The main insert method create a array of all characters:
let new_subtree = insert(Array(word), parent: root)
and the recursive helper methods repeatedly creates more arrays of the remaining characters:
let rest = Array(letters.dropFirst())
That is very inefficient. The better approach is that the helper method takes a Substring
argument:
func insert(_ letters: Substring, parent: Node) -> Node
so that it can call itself with
let rest = letters.dropFirst()
insert(rest, parent: newNode)
This is called “slicing” in Swift and very efficient because the substrings share the element storage with the original string and no copies are made.
The main insert method then calls the helper method with a substring comprising all its characters:
func insert(_ word: String) {
let new_subtree = insert(word[...], parent: root)
// ...
}
Simplify the insertion method (and the Node type)

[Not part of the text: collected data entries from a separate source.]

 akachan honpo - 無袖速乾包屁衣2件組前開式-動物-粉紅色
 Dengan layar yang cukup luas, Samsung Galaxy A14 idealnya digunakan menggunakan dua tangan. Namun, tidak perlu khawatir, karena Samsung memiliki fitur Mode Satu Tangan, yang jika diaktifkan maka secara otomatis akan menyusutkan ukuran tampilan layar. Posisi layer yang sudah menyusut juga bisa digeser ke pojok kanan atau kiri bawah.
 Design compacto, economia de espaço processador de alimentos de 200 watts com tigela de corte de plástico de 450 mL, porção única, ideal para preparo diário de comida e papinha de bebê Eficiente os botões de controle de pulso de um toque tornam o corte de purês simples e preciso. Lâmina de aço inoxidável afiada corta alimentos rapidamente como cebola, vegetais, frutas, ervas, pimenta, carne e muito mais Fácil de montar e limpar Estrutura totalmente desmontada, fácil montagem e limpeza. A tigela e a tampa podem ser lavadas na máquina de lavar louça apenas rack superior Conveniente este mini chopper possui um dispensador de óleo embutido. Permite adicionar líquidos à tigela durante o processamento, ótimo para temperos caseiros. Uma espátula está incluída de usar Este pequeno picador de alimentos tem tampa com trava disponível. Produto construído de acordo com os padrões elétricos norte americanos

I found the insertion code difficult to understand. It also has some problems (which you are already aware of):
- It is not possible to insert an empty string.
- It is not possible to insert the same string twice.

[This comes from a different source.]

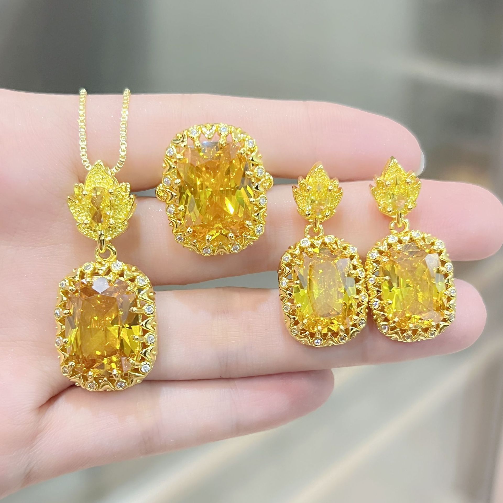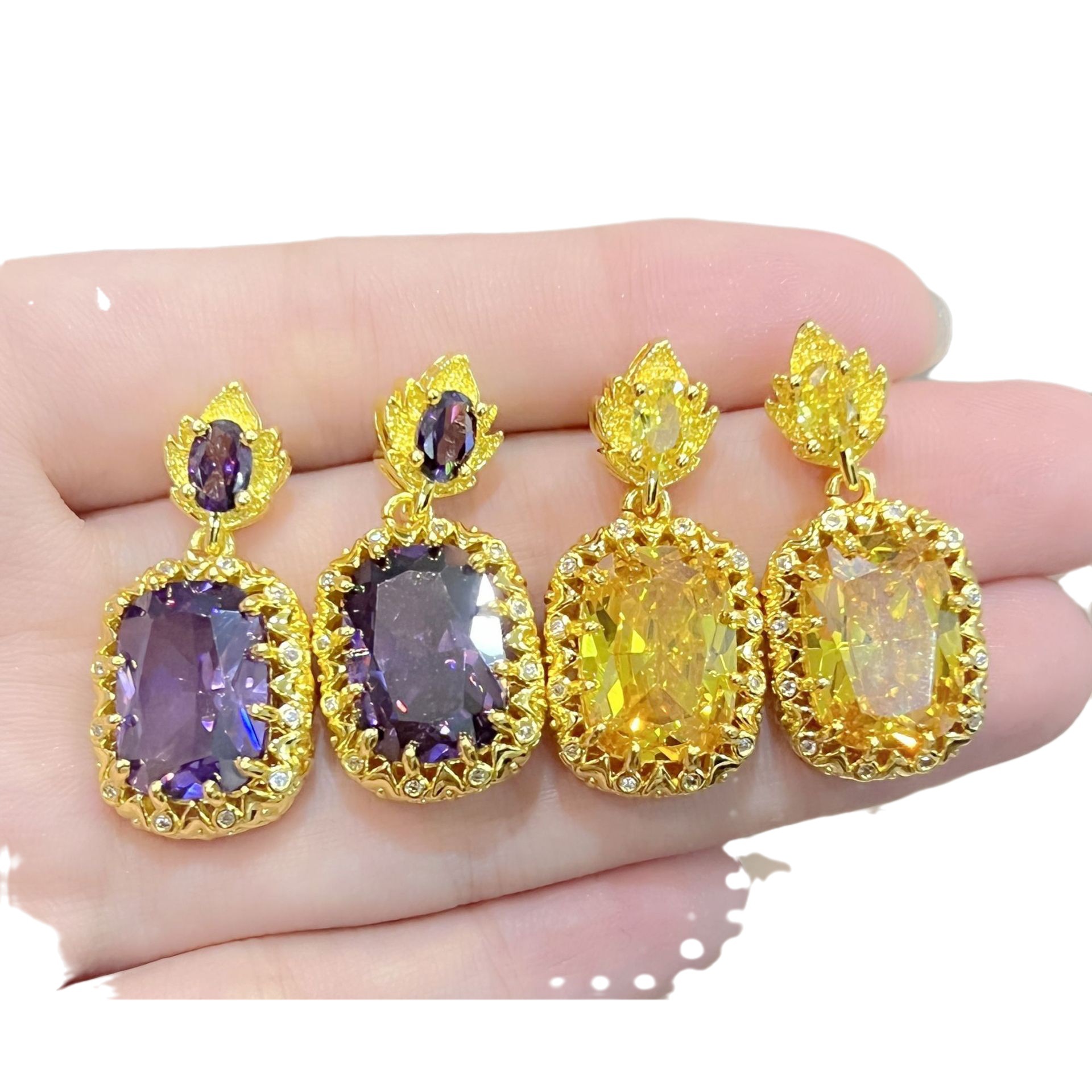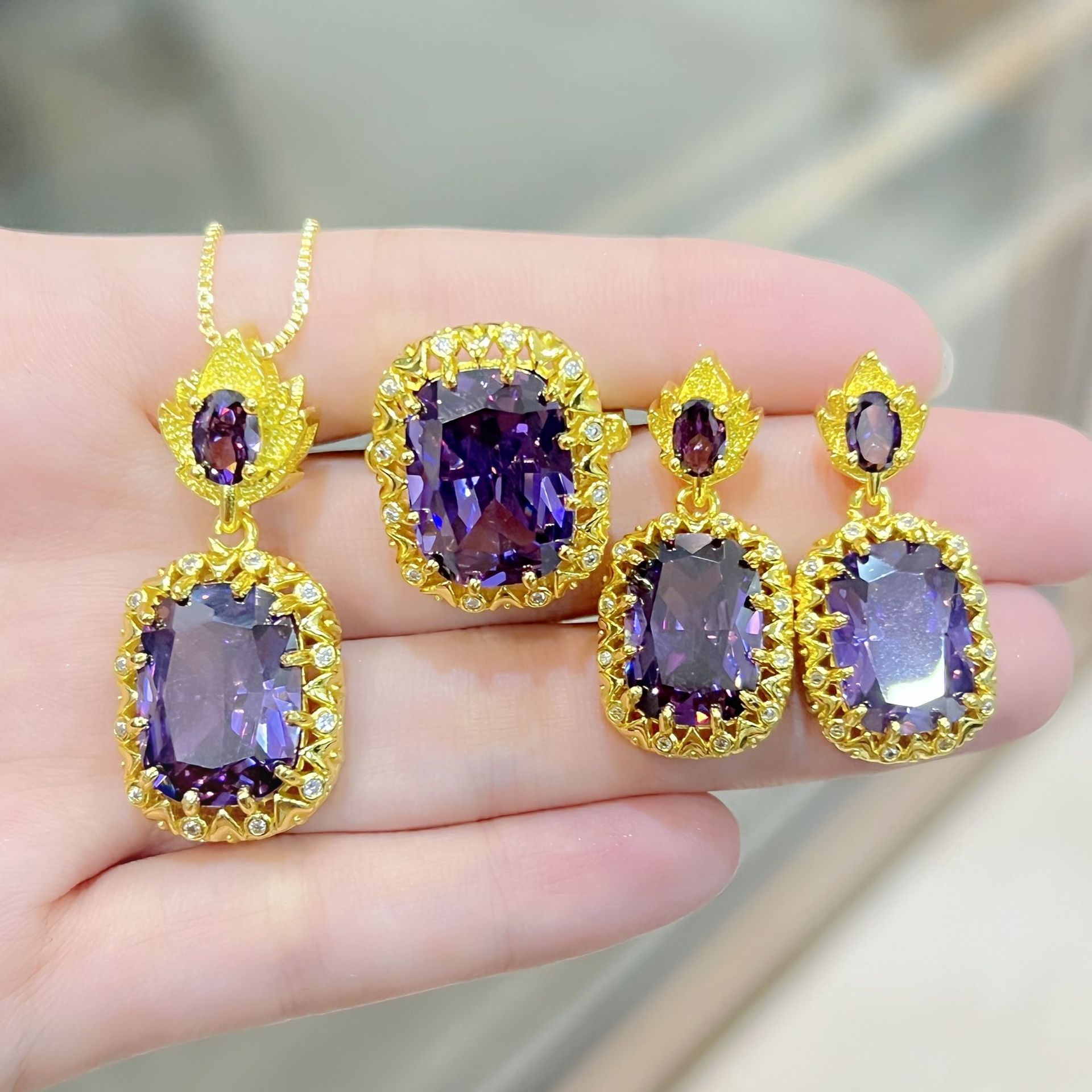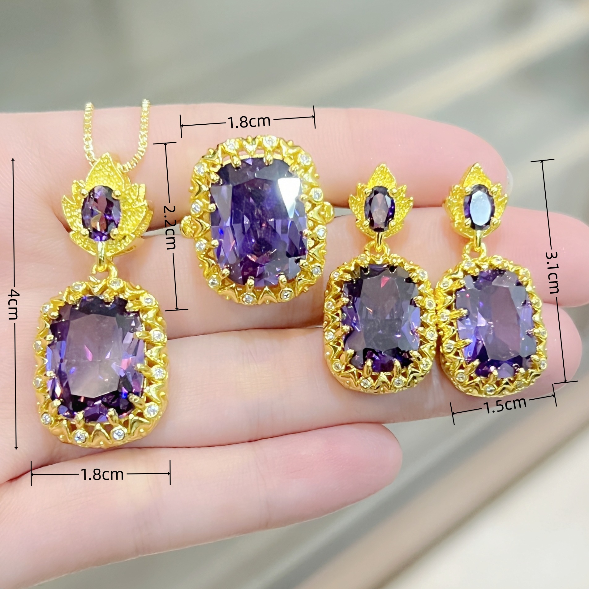 | nameOriginal | Tiktok live broadcast gold plated flame rectangular diamond zircon purple diamond yellow diamond ring earrings pendant necklace jewelry suit |

To be honest: I cannot see which cases are handled correctly and which are not.
What I also do not like is the var char: Character?
property of Node
. Apparently this is needed to insert a newly created subtree at the right position of the parent’s children
dictionary. But
- it introduces some redundancy,
- it is not clear in which cases it can be
nil
(only in the root node?), - it requires forced unwrapping.
Doing the insertion recursively is fine. But if we create new nodes before the recursive call with the rest of the string then everything becomes much simpler:
func insert(_ word: Substring, node: Node) {
if let letter = word.first {
if let nextnode = node.children[letter] {
insert(word.dropFirst(), node: nextnode)
} else {
let newnode = Node()
node.children[letter] = newnode
insert(word.dropFirst(), node: newnode)
}
} else {
node.contained = true
}
}
func insert(_ word: String) {
insert(word[...], node: root)
}
The char
property is not needed anymore, i.e. that type simplifies to
class Node {
var children: [Character: Node] = [:]
var contained: Bool = false
}
More advantages:
- The recursion terminates when the string is empty, not when it is a single character. As a consequence, inserting an empty string works now.
- Inserting the same string twice works as well.
The same can be done with iteration instead of recursion:
func insert(_ word: String) {
var curnode = root
for letter in word {
if let nextnode = curnode.children[letter] {
curnode = nextnode
} else {
let newnode = Node()
curnode.children[letter] = newnode
curnode = newnode
}
}
curnode.contained = true
}
That is a matter of taste, but it is shorter and makes even the substrings obsolete.
Naming
You use different naming conventions in your code:
curnode, newNode, new_subtree
The Swift naming convention is camelcase (upper camelcase for types, and lower camelcase for everything else):
currentNode, newNode, newSubtree
I would also prefer char
or character
over letter
: A Swift string can contain arbitrary Unicode characters, not only “letters.”